Graphics/Sound Rating: ★★★½☆
Game Controls Rating: ★★★★☆
Gameplay Rating: ★★★½☆
Replay Value Rating: ★★★☆☆

Overall Rating: ★★★½☆

There is a certain joy to be had in mindlessly hacking and slashing every so often. In such instances, a game like Tiny Legends: Heroes delivers quite a bit, while keeping the story absolutely minimal. The goal is to control blocky little fighters, priests, barbarians, and the like to delve into a dungeon, beat up monsters, pick up treasure, and level up. Simple enough.

Which is to say that the controlling of this entire affair goes off with relatively little hitch.
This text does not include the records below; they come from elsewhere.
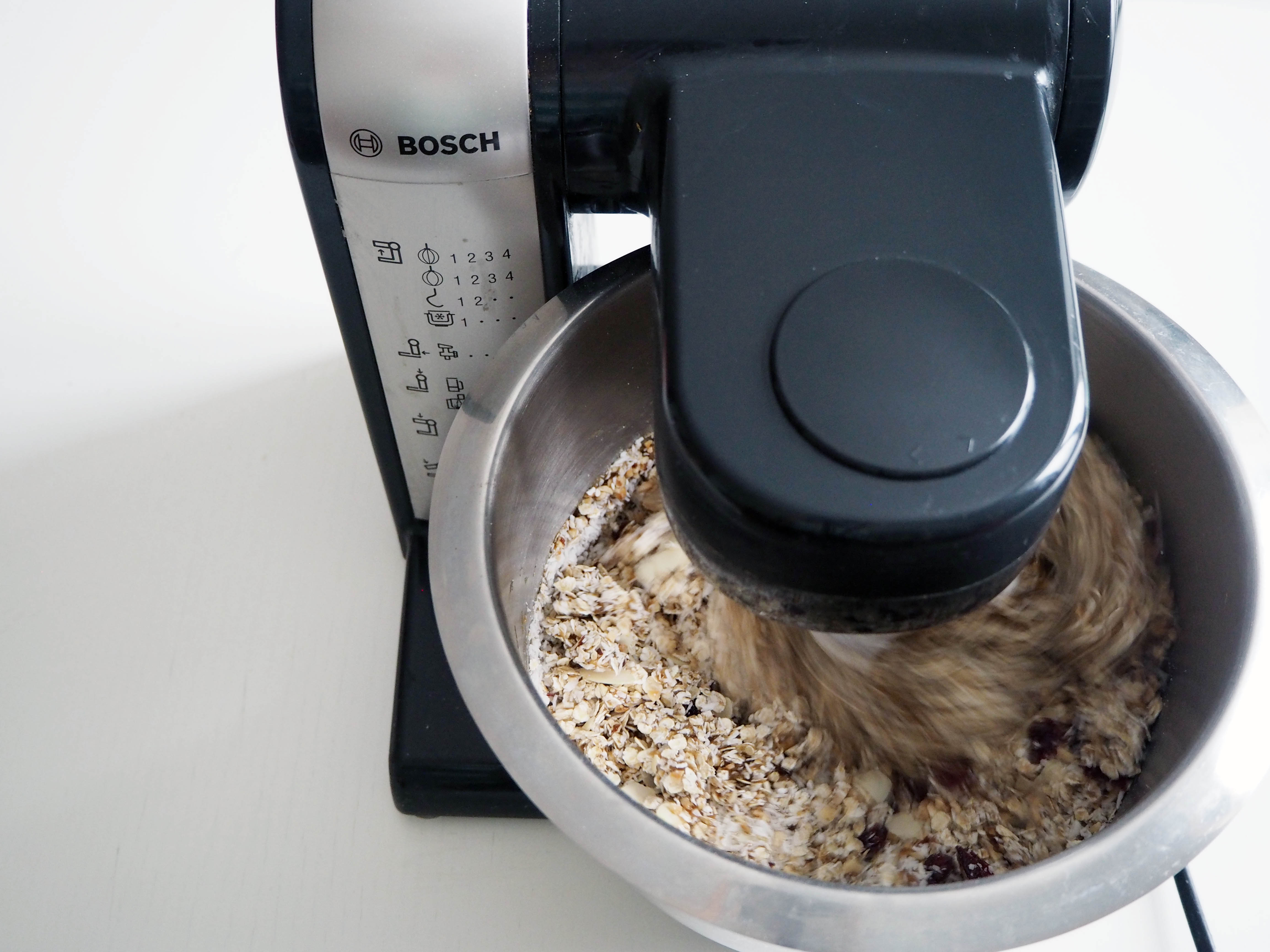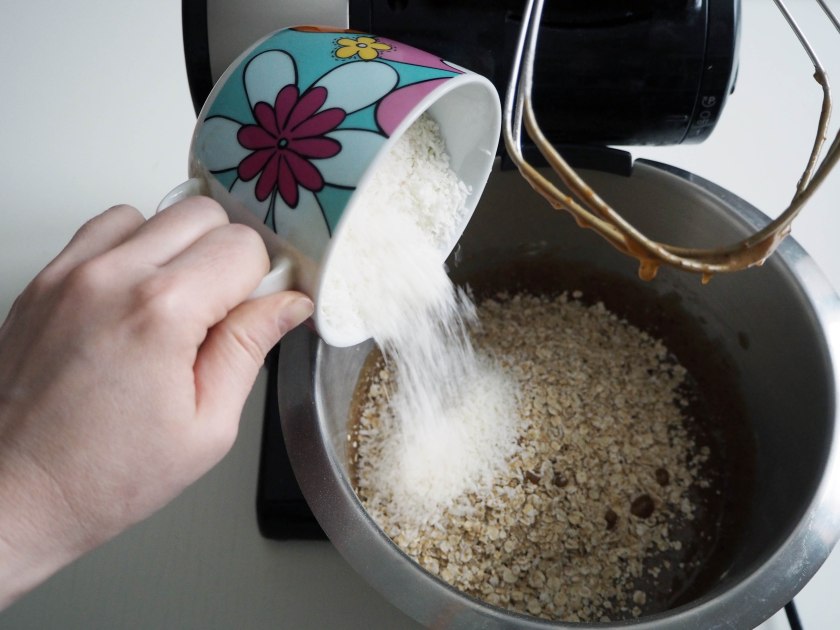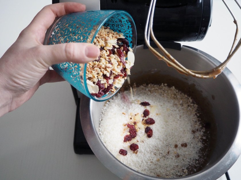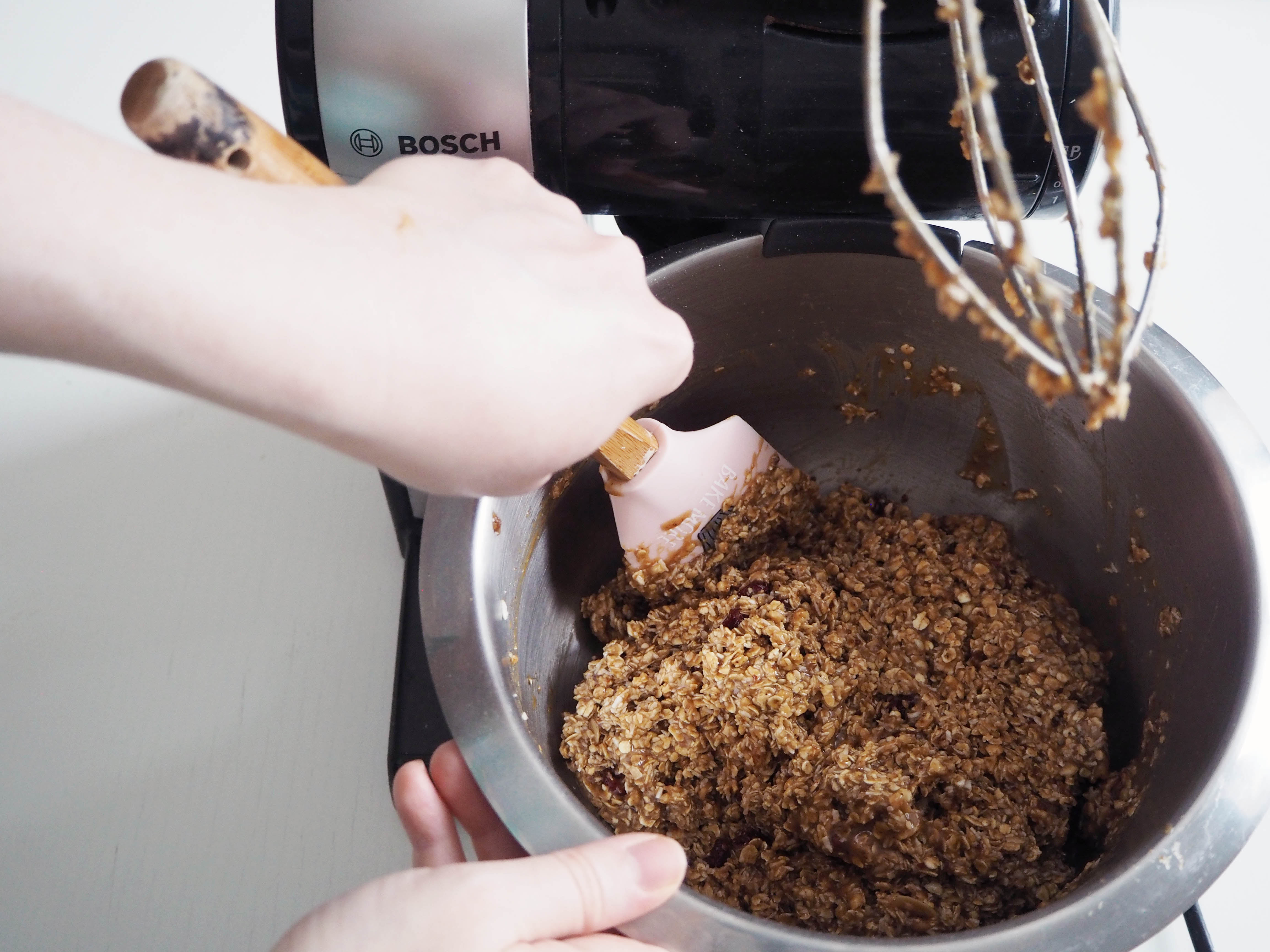 6. Add rolled oats, desiccated coconut and cranberry-nut mixture and beat again until all ingredients are incorporated.
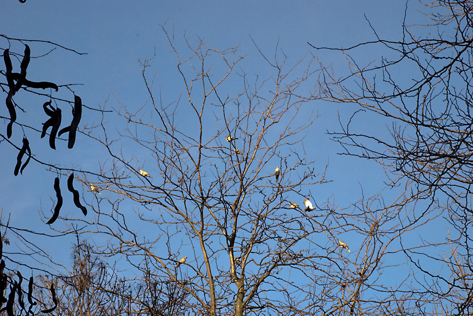 ho tenuto l'inquadratura larga perché mi piacevano sia i rami a sn con quei baccelli ed i rami sulla DX. Avrai notato altri miei scatti dove amo avere in PP ravvicinato qualcosa, ho la sensazione di dare + profondità all'immagine, nel caso specifico i 3 piani rami uccelli e cielo.
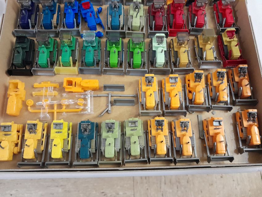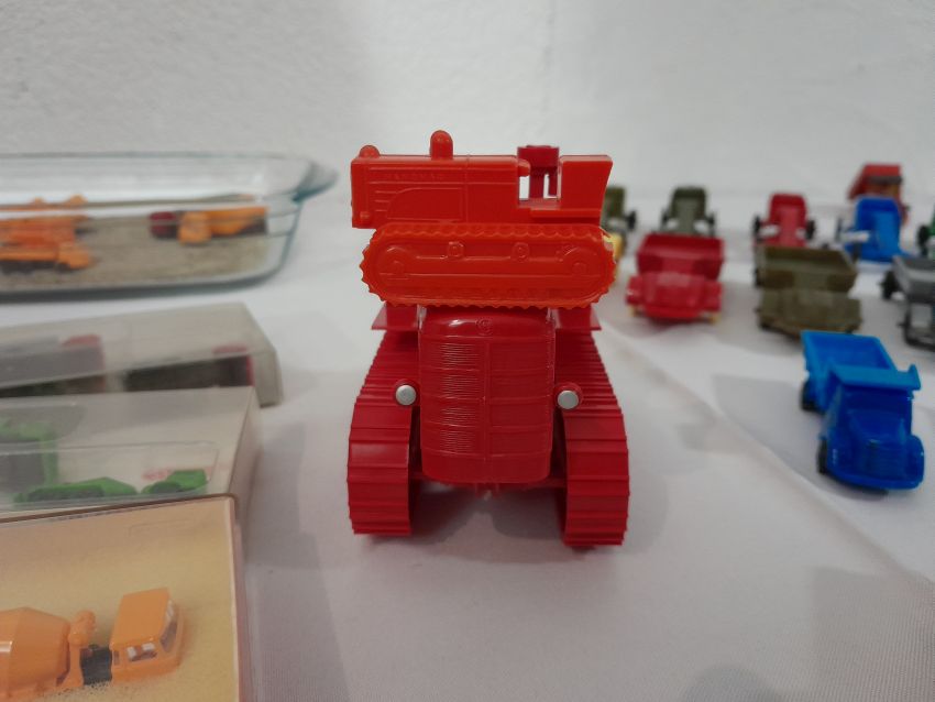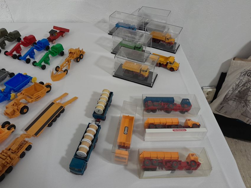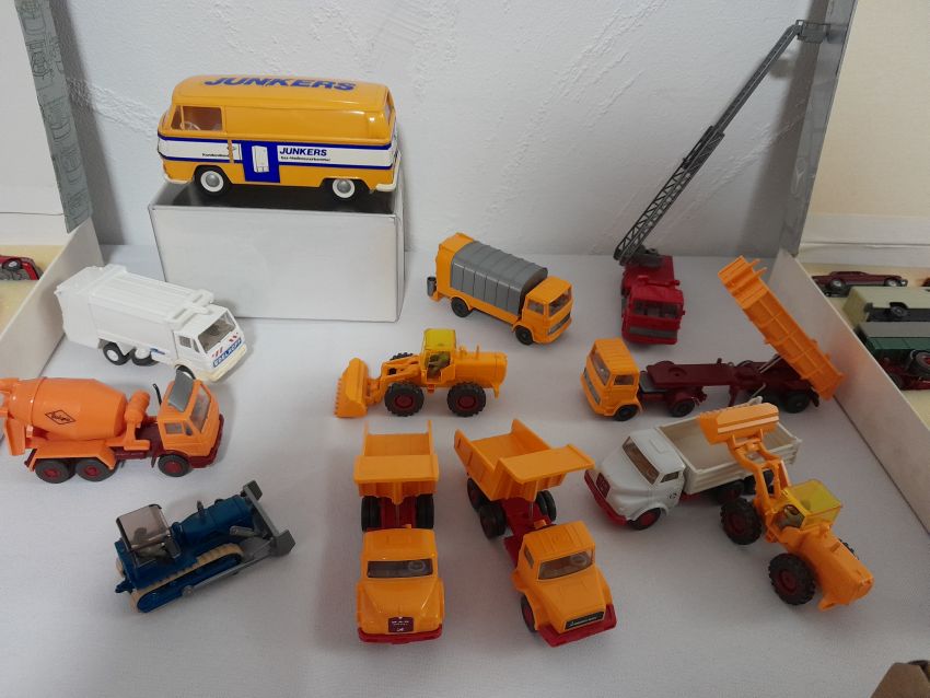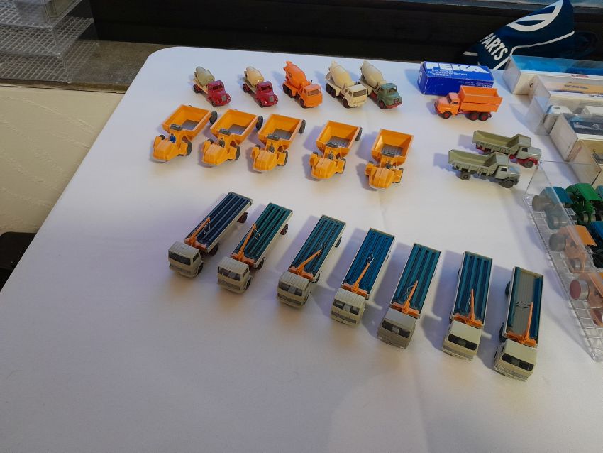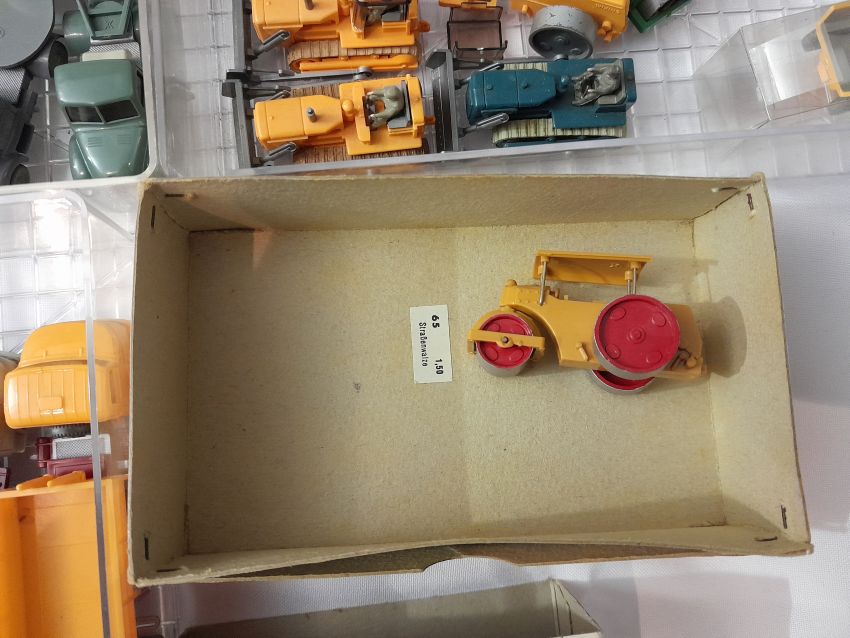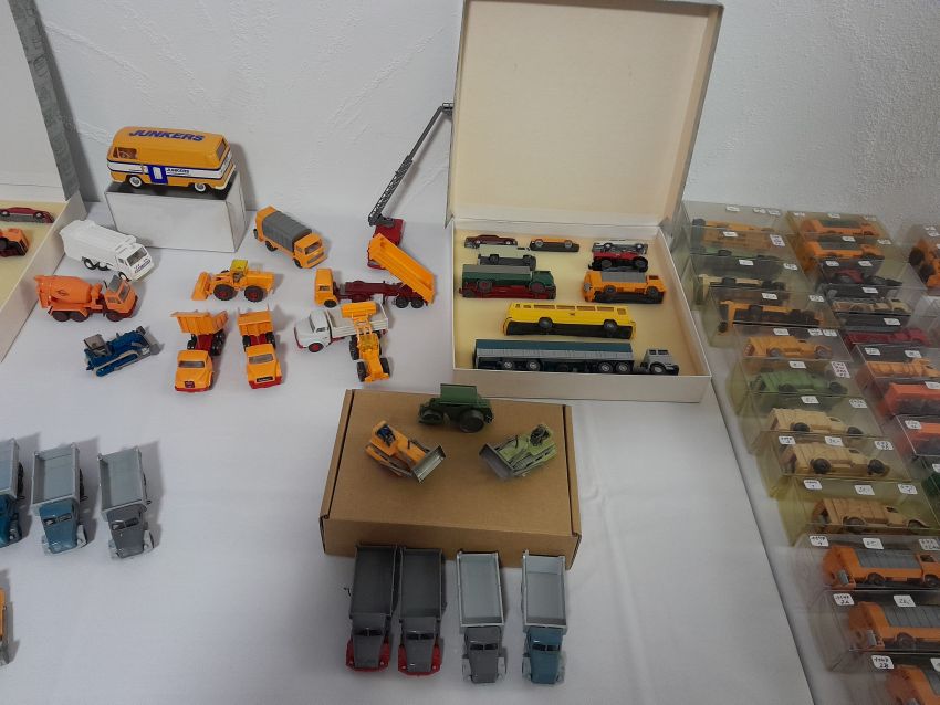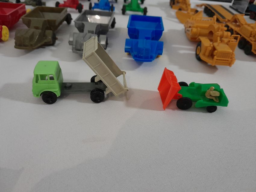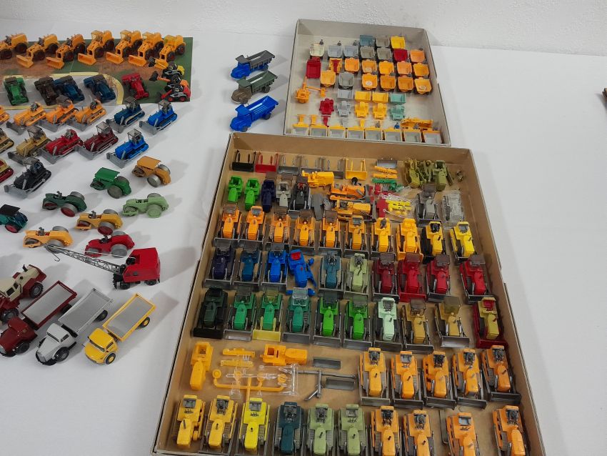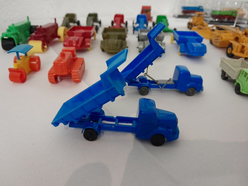 Und natürlich hatten einige Sammler wieder diverse Fremdfabrikate im Gepäck, die mit ihrer bunten Farbgebung herausstachen. Die Modelle sind aus DDR-Produktion (5 Modelle), Eko aus Spanien (3 Modelle), Hongkong-Matchbox Kopien (Frontkipper u. Lkw), Manurba (Hanomag Raupe, Walze und Muldenkipper), Banner U.S.A. (Erdbeweger, Walzen und Grader) und Umex (Scraper und Grader) im Roco Vertrieb. Der Panzertransporter ist von Roco.
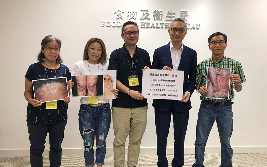 我們在2013年成立香港銀屑病友會,2018年有份推動衞生署和醫管局東區尤德夫人那打素醫院合營生物製劑專科門診,目前約有60人受惠,但全港約有四萬個銀屑病病人,希望政府能夠加快步伐,在不同地區設立診所。
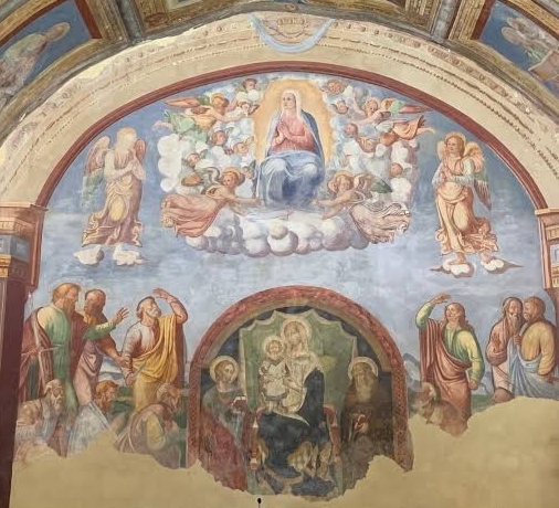conteneva al suo interno preziosissimi affreschi del 1416 c.a di scuola umbro-senese. Gli affreschi ancora oggi, dopo l’ ampliamento del XVI secolo, più precisamente nel 1575, ricoprono tutte le pareti
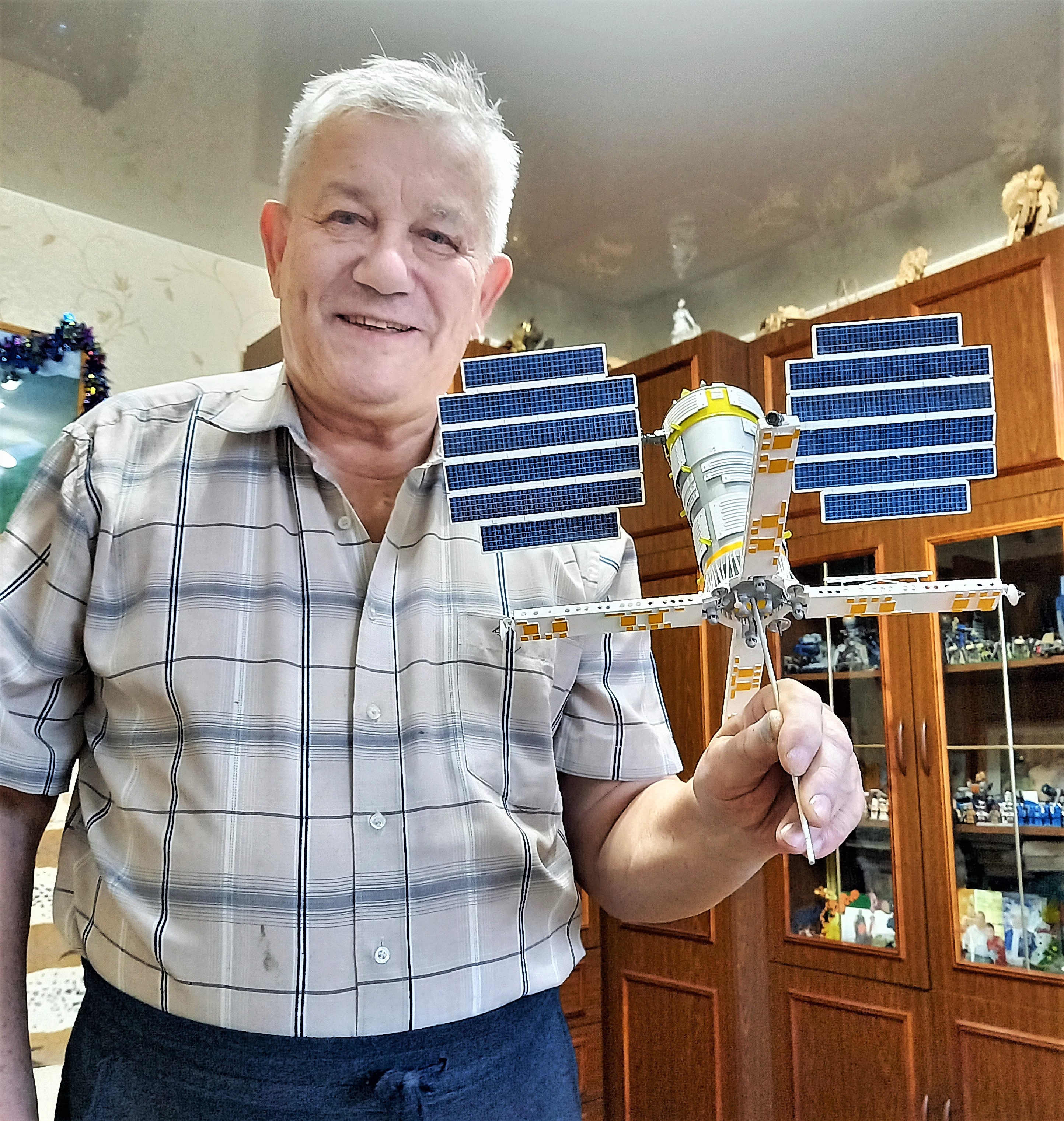 Для начала было решено воспроизвести в модели облик спутника «Лотос-С». По материалам, найденным в открытом доступе в интернете в М1/35 мною были прорисованы эскизы корпуса спутника, солнечных и антенных панелей, по которым Александром были выполнены программы для печати на 3Д-принтере и воспроизведены рендеры данных деталей. Прорисовка и доработка внешнего вида элементов экстерьера спутника производилась в ходе обсуждения и проработки программ для печати по рисункам и фотоснимкам моделей спутника с различных выставок, после чего была произведена распечатка деталей на 3D-принтере.

Each little class of blocky hero has their own abilities that dot the upper-right of the screen, with heroes being able to be selected by tapping on them or their portraits in the upper-left. Swiping from the hero to the intended target often releases all manner of joy (particularly healing), while tapping on an enemy target sends the little hero to rain wrath upon the accursed treasure-holders. Enemies themselves tend to just sit on a map that is navigated, entering the player into a battle screen when encountered, and then posing the challenge of having waves of enemies come at the heroes on screen.

In many ways, this seems like a cross between a real-time strategy game and RPG, set in a dungeon crawler. Treasure is to be had after each battle, as is experience. The former leads to a little game of three-card monte, where chests replace cards, and no matter what, something will be gained (though the movement is so fast that it is nigh impossible to keep track); the rub is that each of the other chests not opened can be if the in-game currency (the in-app purchase for this particular game) is spent on doing so. Experience quickly, and then more slowly, gains levels, which allows the heroes to go back to town and purchase upgrades to skills or new skills themselves, use better equipment, and generally be more powerful.

In many ways, the entire experience feels very paint-by-numbers. Nothing in particular strikes as wrong, but there is a certain soul the game lacks — it is fine and fun as a mindless hack-and-slash, but offers little else. There is something to be said for number-crunching and grinding, particularly on a device that may often be in transit, though. It certainly offers a nice difficulty curve in its strategic depth, but I kept hoping for something a bit more: a bit more of a pull as for why I should care about these little block heroes’ lives.